Gostev ha sempre nutrito una sincera ammirazione per la Germania — il suo stile di vita, la precisione e la serietà del popolo tedesco. Proprio la Germania e gli amici tedeschi gli aprirono la strada verso l’Europa occidentale. La Germania occupa un posto importante nella biografia e nella carriera dell’artista. Un ruolo speciale nella sua vita ebbero amici stretti: il compianto professore, dottore in oceanografia Roland Schröder e sua moglie Gisela, la famiglia Tillmann — Sonja e Werner, l’amico, colonnello dello Stato Maggiore NATO Gerhard Ketsch, e molti altri. L’artista era apprezzato e accolto negli ambienti più alti in Germania. I tedeschi acquistavano con entusiasmo i suoi lavori e attendevano nuove opere. Anche Klaus Uchtmann fu un amico dell’artista e si occupava della commercializzazione della sua pittura, finché non sopraggiunse l’ictus.
Se l’avete vista.
Dopo la scomparsa dei quadri Gostev notò con ironia che non tutti i tedeschi si gravano di onestà, anche se l’arte evidentemente la amano, visto che sparirono dodici opere. L’artista decise di non sprecare energie in viaggi dalla polizia e cercò di dimenticare l’accaduto.

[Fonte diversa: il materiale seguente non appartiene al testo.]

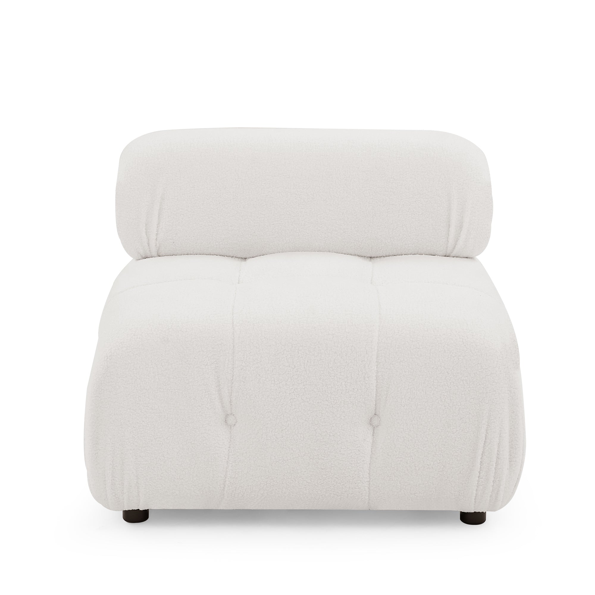 Transform your living space with the Modular Sectional Sofa in Ivory Teddy Fabric. Featuring a stylish button-tufted design, this L-shaped couch is the perfect blend of comfort and elegance. The modular, DIY combination allows you to customize the sofa to suit your space and preferences, providing flexibility for any room layout.

Dopo la sua morte la famiglia ritrovò documenti — contratti con la galleria K-Galerie im Maxforum, il debito di Klaus Uchtmann e gli elenchi dei quadri. Sebbene secondo la legge tedesca il caso perda validità dopo otto anni, vogliamo avvertire gli “attuali possessori” dei quadri scomparsi delle possibili conseguenze legali e reputazionali del detenerli. Se avete informazioni riguardo le opere scomparse, vi preghiamo di contattarci.
Non tutti i quadri spariscono per sempre
L’incidente con la K-Galerie im Maxforum è triste. Nella vita accadono diverse circostanze, esse formano catene di eventi, e le opere d’arte possono scomparire o riapparire improvvisamente. Uno di questi casi sorprendenti è il ritrovamento di un dipinto di Gostev mezzo secolo dopo la sua creazione.
Nel 2015 Gostev diede al figlio un blocco di carta per acquerello incollato su cartone per maggiore stabilità. Foglio dopo foglio, nello studio del figlio, si trasformava in acquerelli e schizzi. Sua nipote, Renata Gostev, dipingeva anch’essa acquerelli esercitandosi, e si prese il blocco con sé. Nove anni dopo, quasi tre anni dopo la morte dell’artista, staccò l’ultimo foglio e scoprì sul cartone un dipinto nascosto. Sbalordita, inviò l’immagine a suo padre.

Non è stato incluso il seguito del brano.